A warbling robin, a frequent visitor, begins carolling outside his window every morning at 3. They chatter back and forth like old pals all day long. When a juvenile black bear comes crashing onto the property, he forgives him for the intrusion as the bear bows his head and turns to leave.
“You get along hummingbirds,” he suddenly shouts as the tiny, frantic birds compete for a feeder hanging from a nearby tree. “Don’t behave like the rest of the world – hostile and greedy.”
The stellar jays, thrush and ptarmigan keep him company through the winter. In summer, he watches over a family of cottontail hare in the yard. With four hens and a rooster named Charlie, “It’s like an Easter egg hunt around here every day.”
“The life I lead is a simple life, but fulfilling,” Hubie says, settling into a wooden bench built for him by a friend as he was dying from AIDS. He spends much of his day on the bench, watching over the land.
Hubie still scampers up the mountain at a sprint carrying a chain saw. But there is no escaping time’s flow. Last year, he was bowled over by a tree he was felling, badly injuring his right knee. He doesn’t have painkillers, and for the first couple weeks it took eight hours to fetch the day’s water and wood, which he did through gritted teeth, dragging his bum leg behind him. His knee still aches constantly and he’s begun to gently sway, like an aging athlete on worn out hips.

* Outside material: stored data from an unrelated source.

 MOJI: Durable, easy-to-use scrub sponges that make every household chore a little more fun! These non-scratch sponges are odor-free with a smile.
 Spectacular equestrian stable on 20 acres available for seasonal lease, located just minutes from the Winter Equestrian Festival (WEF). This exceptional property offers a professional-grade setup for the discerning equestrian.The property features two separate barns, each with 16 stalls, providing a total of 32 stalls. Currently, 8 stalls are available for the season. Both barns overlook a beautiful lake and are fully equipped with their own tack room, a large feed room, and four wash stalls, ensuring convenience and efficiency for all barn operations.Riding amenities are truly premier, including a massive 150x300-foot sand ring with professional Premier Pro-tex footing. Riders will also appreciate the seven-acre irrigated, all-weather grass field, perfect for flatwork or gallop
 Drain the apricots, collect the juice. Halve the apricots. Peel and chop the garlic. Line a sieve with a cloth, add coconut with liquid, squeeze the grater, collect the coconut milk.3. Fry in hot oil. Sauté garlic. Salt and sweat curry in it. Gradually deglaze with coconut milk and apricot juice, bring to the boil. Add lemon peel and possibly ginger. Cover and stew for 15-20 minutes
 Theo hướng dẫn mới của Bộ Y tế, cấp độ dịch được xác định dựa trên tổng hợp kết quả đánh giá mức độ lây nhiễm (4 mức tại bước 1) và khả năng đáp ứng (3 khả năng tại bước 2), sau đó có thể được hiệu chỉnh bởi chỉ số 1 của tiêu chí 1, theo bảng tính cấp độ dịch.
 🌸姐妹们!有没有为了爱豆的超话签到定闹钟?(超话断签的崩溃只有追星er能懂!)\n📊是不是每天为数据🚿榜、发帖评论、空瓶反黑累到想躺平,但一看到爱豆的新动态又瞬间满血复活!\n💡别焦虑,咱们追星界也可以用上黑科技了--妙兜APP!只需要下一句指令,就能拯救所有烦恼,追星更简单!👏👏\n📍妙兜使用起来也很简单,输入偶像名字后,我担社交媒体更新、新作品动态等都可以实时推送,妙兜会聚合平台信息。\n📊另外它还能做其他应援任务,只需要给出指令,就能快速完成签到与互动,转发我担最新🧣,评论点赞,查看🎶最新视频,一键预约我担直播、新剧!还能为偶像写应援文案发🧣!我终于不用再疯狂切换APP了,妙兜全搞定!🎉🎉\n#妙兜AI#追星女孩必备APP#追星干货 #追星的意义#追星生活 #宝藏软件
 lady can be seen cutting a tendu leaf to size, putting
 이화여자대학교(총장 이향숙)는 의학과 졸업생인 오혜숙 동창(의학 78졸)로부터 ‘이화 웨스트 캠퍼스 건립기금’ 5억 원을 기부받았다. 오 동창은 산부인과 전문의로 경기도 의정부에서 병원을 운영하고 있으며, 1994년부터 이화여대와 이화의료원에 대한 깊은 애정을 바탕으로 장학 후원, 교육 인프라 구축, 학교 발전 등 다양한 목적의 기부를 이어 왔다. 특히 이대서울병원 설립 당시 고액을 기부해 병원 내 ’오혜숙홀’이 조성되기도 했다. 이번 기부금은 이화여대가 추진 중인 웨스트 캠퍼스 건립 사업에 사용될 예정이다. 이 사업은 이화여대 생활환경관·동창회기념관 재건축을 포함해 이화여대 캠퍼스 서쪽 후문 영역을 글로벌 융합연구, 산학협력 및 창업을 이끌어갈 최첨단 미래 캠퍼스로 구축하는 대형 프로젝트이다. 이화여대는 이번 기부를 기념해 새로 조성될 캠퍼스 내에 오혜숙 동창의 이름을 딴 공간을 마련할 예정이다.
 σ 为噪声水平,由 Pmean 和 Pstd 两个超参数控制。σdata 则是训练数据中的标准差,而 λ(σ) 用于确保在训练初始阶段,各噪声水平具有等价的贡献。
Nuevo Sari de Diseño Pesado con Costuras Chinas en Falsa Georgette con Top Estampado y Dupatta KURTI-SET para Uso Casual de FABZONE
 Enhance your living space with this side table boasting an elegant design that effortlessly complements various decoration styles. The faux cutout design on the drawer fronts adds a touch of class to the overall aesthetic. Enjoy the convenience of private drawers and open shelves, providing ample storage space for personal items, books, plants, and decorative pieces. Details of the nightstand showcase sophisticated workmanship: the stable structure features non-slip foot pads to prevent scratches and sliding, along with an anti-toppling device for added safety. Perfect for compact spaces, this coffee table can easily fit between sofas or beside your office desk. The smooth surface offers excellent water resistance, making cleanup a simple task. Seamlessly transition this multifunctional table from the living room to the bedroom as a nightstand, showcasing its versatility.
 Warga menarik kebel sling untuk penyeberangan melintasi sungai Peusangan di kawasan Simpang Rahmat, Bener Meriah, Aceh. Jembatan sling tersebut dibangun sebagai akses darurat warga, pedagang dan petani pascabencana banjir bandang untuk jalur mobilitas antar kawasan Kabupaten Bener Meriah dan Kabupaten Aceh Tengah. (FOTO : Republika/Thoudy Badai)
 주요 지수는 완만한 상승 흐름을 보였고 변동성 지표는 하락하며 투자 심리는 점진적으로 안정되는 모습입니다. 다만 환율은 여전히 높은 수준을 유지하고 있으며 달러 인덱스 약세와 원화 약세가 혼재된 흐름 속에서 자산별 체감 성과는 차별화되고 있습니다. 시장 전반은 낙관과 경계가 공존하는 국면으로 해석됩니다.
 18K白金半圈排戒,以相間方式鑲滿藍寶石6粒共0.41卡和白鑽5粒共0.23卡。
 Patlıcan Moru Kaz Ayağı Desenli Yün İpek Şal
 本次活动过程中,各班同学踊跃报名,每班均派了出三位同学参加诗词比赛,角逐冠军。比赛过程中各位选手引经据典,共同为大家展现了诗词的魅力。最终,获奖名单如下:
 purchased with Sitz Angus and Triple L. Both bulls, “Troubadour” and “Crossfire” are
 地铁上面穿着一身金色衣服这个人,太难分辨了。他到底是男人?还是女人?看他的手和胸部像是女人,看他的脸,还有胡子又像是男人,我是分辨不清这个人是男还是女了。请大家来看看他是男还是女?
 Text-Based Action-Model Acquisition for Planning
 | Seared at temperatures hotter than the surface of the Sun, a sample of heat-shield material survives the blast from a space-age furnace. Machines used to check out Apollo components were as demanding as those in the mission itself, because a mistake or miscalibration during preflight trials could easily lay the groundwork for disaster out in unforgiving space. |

His gentle dog, meanwhile, has developed a wheezing cough, a telltale sign of heart failure. Hubie seems to recognize his old pal’s days may be numbered. “I don’t want to lose you yet,” he says, his voice thick with emotion. He wraps the 100-pound dog in a long hug, burying his face in his thick, yellow coat.
With May behind him, he is unsure when he might next see another person. When he says goodbye to a visiting reporter, his eyes well up with tears. He holds her in a long hug. “Be like that rock in the river,” he says, pointing to a giant boulder poking out of the rushing Cayoosh. “Don’t let anything stick to you.” Then he slowly turns and begins walking back to the house that only ever waits for him.